TASK DIRECTIONS:
All that is needed is every line of the listing below that has "تحقیق".

RECORD EXCERPTS:
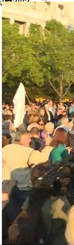
Београд: Неколико десетина хиљада грађана на протесту "Један од пет милиона - Сви као један", субота, 20 април 2019 17:24
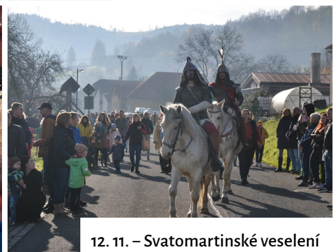
12. 11. – Svatomartinské veselení
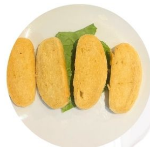
113. PANE FRITTO* 4 pezzi €4 🌱
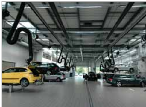
Poste de travail éclairé zénithalement
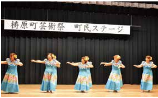
フラダンスサークル

ゆすはら・夢・未来館では、1階会議室で昨年に引き続き海洋堂ホビー館四十万によるジオラマ体験教室を行いました。参加した子どもたちは、試行錯誤しながらも楽しそうに世界で一つだけのジオ
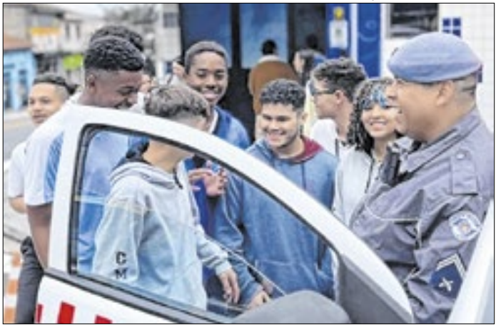
Ronda Escolar também integra ações educativas
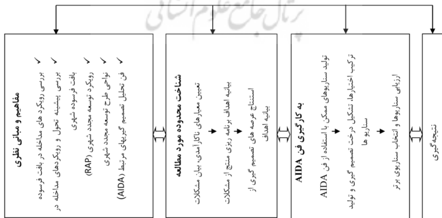
شکل ۲. رویه تحقیق منبع (نگارندگان، ۱۳۹۸)

روش انجام تحقیق مدتا بر مبنای روش توصیفی - تحلیلی است. به این ترتیب که در ابتدا، مبانی نظری در خصوص ویژگی‌های توسعه مجدد نواحی فرسوده شهری شامل بررسی پیشینه مداخله در بافت‌های فرسوده، معرفی و تعریف رویکرد توسعه مجدد شهری (RAP) و توضیح و بررسی نواحی طرح توسعه مجدد شهری، از طریق روش مطالعات کتابخانه‌ای، مرور اسناد داخلی و خارجی و ترجمه متون خارجی، انجام پذیرفته است. سپس با روش میدانی، مصاحبه و توزیع پرسشنامه، به شناخت محدوده مورد مطالعه پرداخته
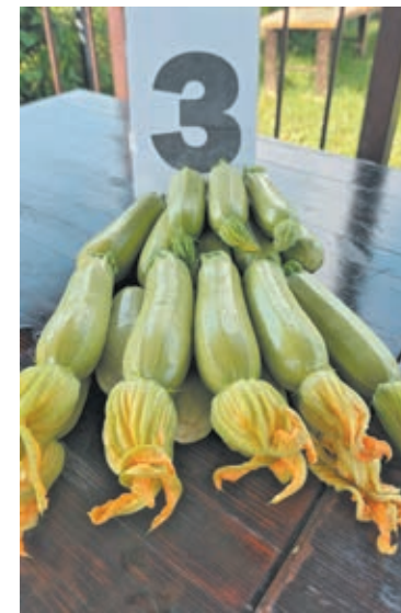
■ Вкусные результаты кропотливой работы.

В очередной раз команда убедилась, что агроволокно – отличный материал, который помогает избавиться от сорняков и сохранить влажность почвы на долгое время. «Нам удалось оградить себя от постоянной прополки и частого полива. К тому же на подложке из агроволокна даже после дождя наши кабачки остаются чистыми! Очень рекомендуем такой способ выращивания», – заключила Наталья Игнатъева.
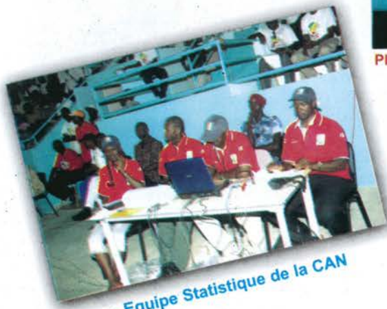
Equipe Statistique de la CAN
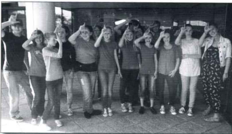
Criw Clwb Glee Menter Caerdydd ar Gwrs dau ddiwrnod a pherfformiad llwyddiannus yn y Lanfa

Croeso cynnes i blant 4-12 oed sy'n mynychu addysg Gymraeg. Does dim angen cofrestru o flaen llaw, dim ond dod ar y diwrnod! Mae'r sesiynau yn rhad ac am ddim.

SOLUTION TO THE PROBLEM:
شکل ۲. رویه تحقیق منبع (نگارندگان، ۱۳۹۸)
روش انجام تحقیق مدتا بر مبنای روش توصیفی - تحلیلی است. به این ترتیب که در ابتدا، مبانی نظری در خصوص ویژگی‌های توسعه مجدد نواحی فرسوده شهری شامل بررسی پیشینه مداخله در بافت‌های فرسوده، معرفی و تعریف رویکرد توسعه مجدد شهری (RAP) و توضیح و بررسی نواحی طرح توسعه مجدد شهری، از طریق روش مطالعات کتابخانه‌ای، مرور اسناد داخلی و خارجی و ترجمه متون خارجی، انجام پذیرفته است. سپس با روش میدانی، مصاحبه و توزیع پرسشنامه، به شناخت محدوده مورد مطالعه پرداخته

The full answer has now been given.